Воинствующий мир (СИ) - Старый Денис. Страница 47

Фондю было не только шоколадное, но и сырное. Таких точек было пять, и плавленый сыр поддерживался в таком состоянии при помощи устройства, созданного одним из учеников Кулибина. Это было что-то между печкой-буржуйкой и самоваром. Вполне портативное и могущее использоваться в армии для приготовления пищи или отопления палатки. Возле сырных фондю предлагали окунуть в сыр уже ветчину, которую назвали Пармской, пусть она даже из державинских имений под Москвой, или хлеб, колбасу. Сырное фондю также было выстроено фонтанчиком.
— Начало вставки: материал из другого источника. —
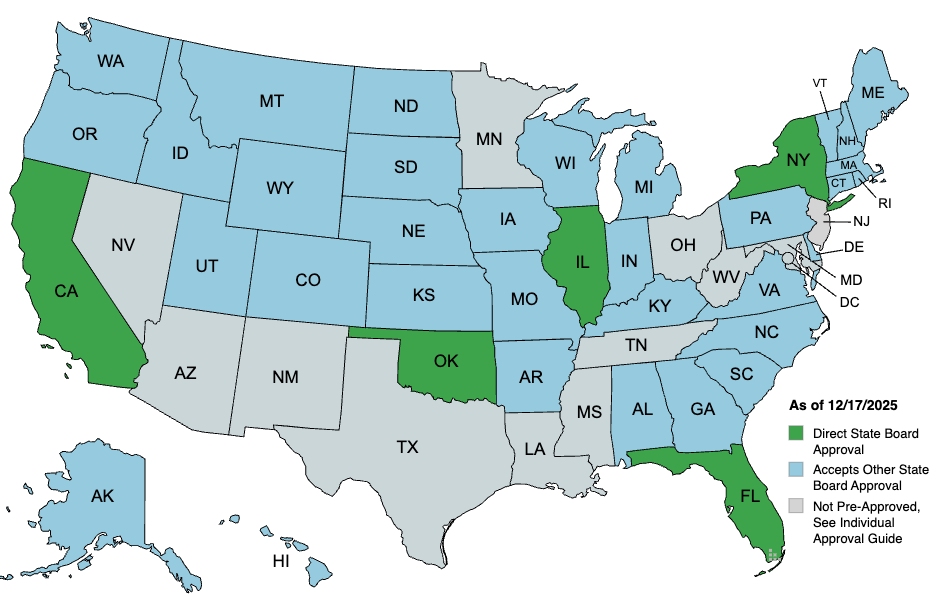 This course is eligible for 1.5 CEU contact hour in the green and blue states in the map below. If you are licensed in a gray state and would like course materials to submit for individual approval, please email [email protected]

Кстати, насчет самоваров. Их здесь поставили пятнадцать. Погода еще не морозная, но уже точно не летняя. Попить чаю можно. Подавали и капучино, какао. В таких чайно-кофейных местах лежали пирожные, ромовые бабы, кексы, печенье, конфеты, круассаны. Последнее лакомство здесь путают с венскими булками. Однако, с выпечкой из столицы Австрии мучное изделие похоже только формой. С марципаном в начинке было сложно, так как миндаль чаще всего приходил из Италии, в которой сложная политическая обстановка. Но в России есть фундук.

Ну, и десять длинных столов с различными закусками. Это и тарталетки с разными салатами и икрой на творожном сыре, волованы с всевозможными начинками, уже прошедшими апробацию в ресторанах. Гости могли попробовать паштеты на гренках, многие виды канапе. А ещё я не мог обойтись без шашлыка.

Возле всех таких вот пунктов питания были навесы и стулья, так что гостям не приходилось долго стоять.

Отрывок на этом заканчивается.